Background: This is the first-in-human study to evaluate the pharmacokinetics, safety, and tolerability of TQC3564 (a novel CRTh2 receptor antagonist) in healthy Chinese subjects.
Research design and methods: This project was a phase Ia clinical study of TQC3564 as a single-ascending dose (SAD) (25 to 1200 mg) and a multiple-ascending dose (MAD) (100 or 500 mg, QD) as well as a two-period crossover food-effect study (300 mg).
Results: In the SAD and MAD study, TQC3564 were found to be safe and well tolerated, without dose-dependent adverse events (AEs), and all AEs were mild or moderate in severity. In the SAD study, the median tmax of TQC3564 was 2.5-4.5 h, and t1/2 was 8.13-35.7 h. Exposure was increased after food intake. The MAD study results showed that steady-state was achieved on day 4. Moreover, no apparent TQC3564 plasma accumulation was detected on day 7.
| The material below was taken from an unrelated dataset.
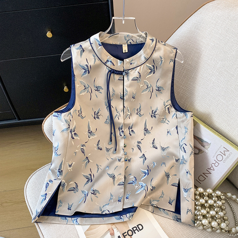 2025 봄 가을 신상 중국풍 복고풍 라운드넥 단추 자수 조끼 여성 자켓 중국풍 민소매 조끼 상의

Conclusions: In healthy subjects, TQC3564 at a single dose of 25-1200 mg or 100-500 mg at multiple doses (QD) was safe and tolerable with acceptable PK profiles, indicating that TQC3564 has potential as a therapeutic option for asthma. (This study has been registered at http://www.chinadrugtrials.org.cn/ under identifier CTR20192397.).
Keywords: CRTh2 receptor antagonist; TQC3564; asthma; pharmacokinetics; safety.